Ragazzi da tutta Italia che lavoreranno insieme per individuare e proporre idee e strategie innovative sulle problematiche ambientali, partendo dal proprio territorio di riferimento. Così l'Unicef Italia, in partnership con Iaia Italia e con il patrocinio dell'Ambasciata britannica di Roma, organizza oggi, 20 settembre, e domani, 21 settembre, l'evento online hackathon per promuovere la partecipazione giovanile sul tema del cambiamento climatico «q-HACK4.0: Climate Change and Youth Engagement».

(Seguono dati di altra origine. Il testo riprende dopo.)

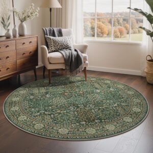 DAIMYO HILLS Washable Rugs 8x10-Machine Washable Rug Lightweight Low Pile, Vintage Floral Rug Non-Shedding Distressed Throw Carpet for Living Room Bedroom Office, Dark Green/Multi

L'evento fa parte della campagna #All4Climate promossa dal Ministero della Transizione Ecologica italiano. Lo comunica una nota dell'Unicef. Ad aprire i lavori online: Carmela Pace, Presidente dell'Unicef italia; Jill Morris, Ambasciatore britannico in Italia; Paolo Rozera, Direttore generale Unicef Italia; Giuseppe Magro, Presidente International Association for Impact Assessment Iaia Italia. A moderare i lavori Andrea Iacomini, Portavoce Unicef Italia. Sarà possibile seguire la diretta sulla pagina Facebook Unicef Italia.

I progetti

I progetti elaborati e selezionati saranno presentati in uno speciale evento aperto al pubblico, che si svolgerà a Milano l'1 e il 2 ottobre in concomitanza con gli eventi «Youth for Climate: driving ambition» e la Pre-Cop26. «Il tema del cambiamento climatico riguarda tutti noi. Coinvolgere i giovani e promuovere la loro partecipazione attiva e concreta è la ricetta dell'Unicef Italia per dare un contributo reale alla lotta al cambiamento climatico e l'hackathon, che si tiene oggi e domani, ne è prova» - ha dichiarato Carmela Pace. «Questa manifestazione rientra tra le attività dell'iniziativa dell'Unicef Italia #CambiamoAria, che ci vede impegnati in prima linea nella lotta al cambiamento climatico. Sono grata a Iaia Italia per la nostra partnership, fondamentale per tutto il lavoro del Comitato sui temi della sostenibilità e i cambiamenti climatici. Ringrazio l'Ambasciatore Jill Morris per la preziosa collaborazione e il Ministero della Transizione Ecologica per la sensibilità verso i più giovani e il loro futuro».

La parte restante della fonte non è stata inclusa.